By Prashant Shah
On this New Year’s Day, let us set aside the soft, recycled wishes that ask for happiness, health, and prosperity without questioning who enjoys them and who is denied them. Let this greeting be firm, uncomfortable, and honest—a message that does not float like a greeting card but lands like a mirror. May this year begin with reflection, responsibility, and resolve for those who shape the world, break it, heal it, exploit it, and endure it.
To politicians across nations and ideologies: Happy New Year, but remember that power is not a personal inheritance; it is a loan taken from the future of your people. You begin this year with speeches full of hope—end it with actions full of justice. Resolve to speak less and listen more, especially to those without microphones or money. Make laws that serve the weakest before the strongest, and remember that history is ruthless to leaders who chose popularity over principle. This year, may your resolution be courage—the courage to tell the truth, to admit mistakes, and to place humanity above party, profit, and personal ambition.
To the richest people of the world, who together control nearly all its wealth: Happy New Year to you who have mastered accumulation, but now face the harder lesson of distribution. Wealth is not merely a reward for intelligence or effort; it is also a product of systems built by millions whose names you will never know. Resolve this year to see money not as a scoreboard, but as a responsibility. Invest not only in technology and luxury, but in dignity—education, healthcare, fair wages, and a livable planet. Let your legacy be measured not by how much you owned, but by how many lives were improved because you chose to care.
To medical doctors who once took an oath to heal: Happy New Year to you who hold life in your hands. Medicine is not just a profession; it is a moral calling. In the rush of targets, fees, and prestige, some have forgotten that patients are not customers and hospitals are not marketplaces. This year, resolve to treat before you bill, to listen before you prescribe, and to remember that compassion is as powerful as any drug. May you rediscover the sacred trust placed in you by the fearful, the sick, and the dying, and honor it with humility.
To businessmen relentlessly chasing money and success, Happy New Year—but pause and reflect on the cost of your climb. Profit gained by unethical shortcuts is not success; it is a delayed failure. This year, resolve to build wealth without destroying trust, to compete without cheating, and to remember that reputation outlives revenue. Let integrity guide ambition, so that your success creates value for society, not damage it.
To terrorists who kill innocent people in the name of religion, ideology, or revenge: This is not a greeting of celebration, but of challenge. If there is a new year for you, let it begin with the courage to stop. No faith, no cause, no injustice justifies the murder of children, the destruction of families, or the poisoning of the future with fear. Resolve to abandon violence and seek meaning without bloodshed. History does not remember killers as heroes; it remembers them as warnings. Choose, if you can, to be human before being hateful.

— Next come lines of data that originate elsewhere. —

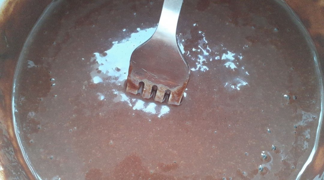 К полученной смеси просеяла муку, соль, разрыхлитель, какао и перемешала до однородности. Накрыла кастрюльку с тестом пищевой плёнкой и оставить на полчаса.
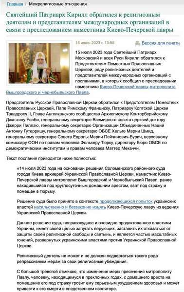 У своєму зверненні Кирило закликав вжити заходів для захисту митрополита УПЦ «МП», оскільки арешт нібито може призвести до його смерті. Він також заявив, що митрополит Павло зазнав репресій з боку української влади через свої релігійні переконання.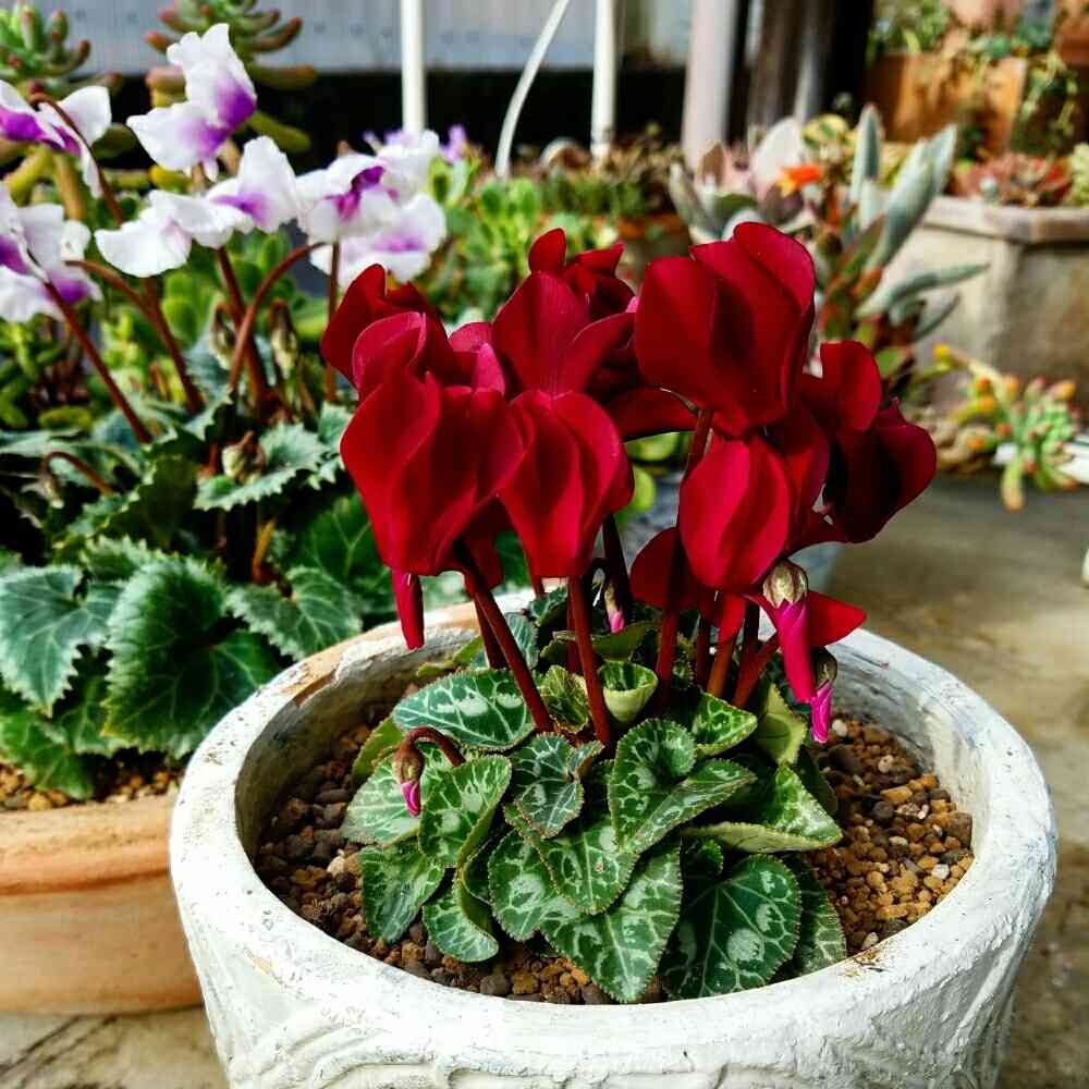 ダークレッドのガーデンシクラメン植え替えしました✨

To the poor, the marginalized, and the forgotten—the true victims of injustice and a so-called civilized society: Happy New Year to you who survive despite systems designed to ignore you. Your struggle is not a failure of effort, but a failure of fairness. May this year bring not just sympathy, but solidarity. Resolve, where possible, to believe in your own worth even when the world denies it. Your resilience is the quiet force that keeps humanity alive. You deserve not charity alone, but opportunity, respect, and justice.
Last but not least, to India Tribune’s faithful readers, our trusted advertisers, the members of my family who always care for my well-being, and my friends who always supported me whenever I need them, I extend my heartfelt wishes for a very happy, healthy, and prosperous New Year. May 2026 bring them abundant joy, continued success, and all that they truly deserve.
Let this New Year be more than a change of calendar. Let it be a moral reset. May those with power use it wisely, those with wealth share it generously, those with knowledge act ethically, those with hatred abandon it, and those with suffering finally be seen. This is not a wish meant to be broken in a month—it is a resolution meant to be lived, every day of the year ahead.